Никон прослезился, обнял ее горячую голову и поцеловал ее.
— Права ты, царевна, мне нужно бежать от греха, введут они и царя, и церковь святую во грех… Пока Алексей жив, он не попустит торжеству раскола, но коли он, да сохранит Господь, умрет, — горе тогда и моим последователям, и церкви Христовой. Знаю я, для чего и хотят они ввести за вероотступничество и пытку, и казни, это они готовят мне костер… сруб… как Иоанну Гусу кесарь. Но вижу я иное… Они себе готовят эти костры. Питирим и Павел, оба как будто родились не здесь, а в Гишпании… Меня они отравили, да Бог помиловал, а теперь они готовят мне сруб.
— Тебе и нужно бежать от этого греха, да не осквернится земля русская позором, а коли ты будешь в Киеве, так ты их поразишь страхом. Коли ты будешь там, одно имя твое будет приводить их в трепет, да и царь тогда пожалеет о Никоне… Поезжай туда… да поскорей. Я с мамою Натею тоже проберемся туда… хоша бы и пешком… Умоляю тебя… видишь, я на коленях…

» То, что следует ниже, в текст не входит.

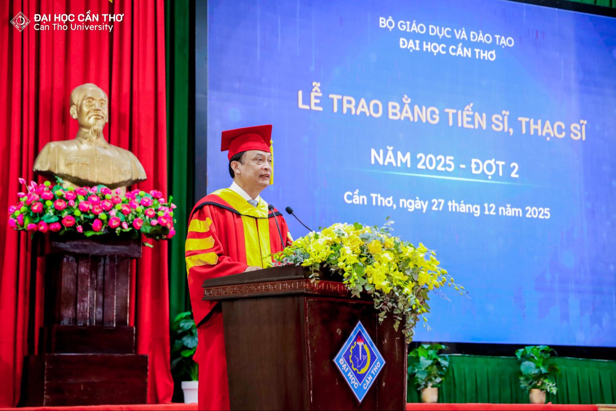 Lễ trao bằng tốt nghiệp không chỉ là sự kiện ghi nhận kết quả học tập và nghiên cứu của người học sau đại học, mà còn là dịp để tôn vinh tinh thần bền bỉ, khát vọng tri thức và trách nhiệm học thuật mà các tân khoa đã theo đuổi trong suốt quá trình đào tạo. Mỗi tấm bằng được trao là kết tinh của nỗ lực cá nhân, sự đồng hành tận tâm của đội ngũ giảng viên, cùng môi trường học thuật nghiêm túc, chuẩn mực mà ĐHCT không ngừng vun đắp. Đối với các tân tiến sĩ, thạc sĩ, đây không phải là điểm kết thúc, mà là bước khởi đầu cho hành trình cống hiến tri thức, lan tỏa giá trị học thuật và đóng góp thiết thực cho xã hội. Về phía ĐHCT, thành công của người học chính là minh chứng rõ nét cho chất lượng đào tạo và là động lực để Nhà trường tiếp tục kiên định với con đường phát triển bền vững, lấy tri thức làm nền tảng và con người làm trung tâm.

— Еду… еду… царевна… встань… Твои святые речи меня подкрепили… Теперь с ясным сердцем я туда выеду… и завтра же ночью; теперь ночи темные… и за одну ночь Бог знает куда заедешь.
— Так ты слово даешь?
— Вот тебе моя рука… но и ты дай слово.
— От меня слова нечего брать, я тебя найду и на краю света… Лишь бы Господь Бог дал тебе, святейший, уйти от врагов в Киев.

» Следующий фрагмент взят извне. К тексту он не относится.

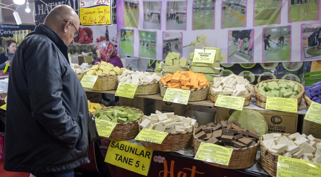 Hatay’ın en önemli sembollerinden biri olan tarihi Uzun Çarşı’nın İzmir’deki temsilinde sıra sıra dizilmiş baharatçılardan aktarlara, el üretimi hediyelik eşyalardan yöresel lezzetlere dair pek çok şey bulmak mümkün. Ziyaretçilerin baharat kokuları eşliğinde alışverişlerini yaptığı çarşı; peynir çeşitleri, künefe, çökelek, kuru yemiş, pekmez ürünleri, reçeller, şeker sucuğu ve türevleri, doğal baharatlar, salçalar, defne sabunları ve bitkisel ürünler herkese geniş bir alışveriş yelpazesi oluşturuyor. Kahvaltısından akşam yemeğine, kebabından tatlısına kadar her öğün ve yiyeceğine bol bol acı koyan Hataylıların çarşı stantlarını da en çok biber süslüyor. Biberden ağzı yanan ziyaretçiler çareyi; Hatay’a özgü meşhur kabak tatlısı, cevizli, sütlü ve tereyağlı taş kadayıf ve künefede buluyor. Antioksidan madde içeren cevizli sucuk, tatlıdan kebaba kadar tüm yemeklerde kullanılan üzüm pekmezi, vücuttaki hücreleri yenileyerek bağışıklık sistemini güçlendiren soğuk sıkım çörek otu yağı, 20 çeşit baharatın karışımı olan zahter ise Antakyalı esnafın İzmirlilere şifa önerisi oluyor. Bunun yanında içerisinde zahter, kekik, pul biber, salça bulunan ve taze çökelekten yapılan sürk; tulum, basma, künefe ve sıkma olmak üzere farklı peynir çeşitleri, humus, odun ateşinde pişen incir, ceviz, dut ve turunç reçelleri İzmirlilerin tadını damağında bırakan yöresel lezzetler grubunda yerini alıyor. |

— Итак, прощай… Я провожу тебя к маме Нате.
— Не нужно… я сама найду путь… Благослови только меня на прощание и не забудь меня грешную в своих святых молитвах: и я буду служить ежедневно молебны, да охранит тебя в пути Творец всемогущий.
Никон проводил ее на дорогу и, простившись с нею, возвратился в свой скит с веселым сердцем.
— Свет не без добрых людей, — подумал он.
XIX
Бегство Никона
В Новом Иерусалиме творится что-то необычайное. Домашний штат Никона и в Новом Иерусалиме невелик: два крестника его — евреи, Афанасьев и Левицкий, с женами; другой крестник Денисов, из немцев рижских; Трофим (слесарь) с женою; поляк Ольшевский и Кузьма, с которыми он жил в Крестном и, наконец, зять его Евстафий Глумилов.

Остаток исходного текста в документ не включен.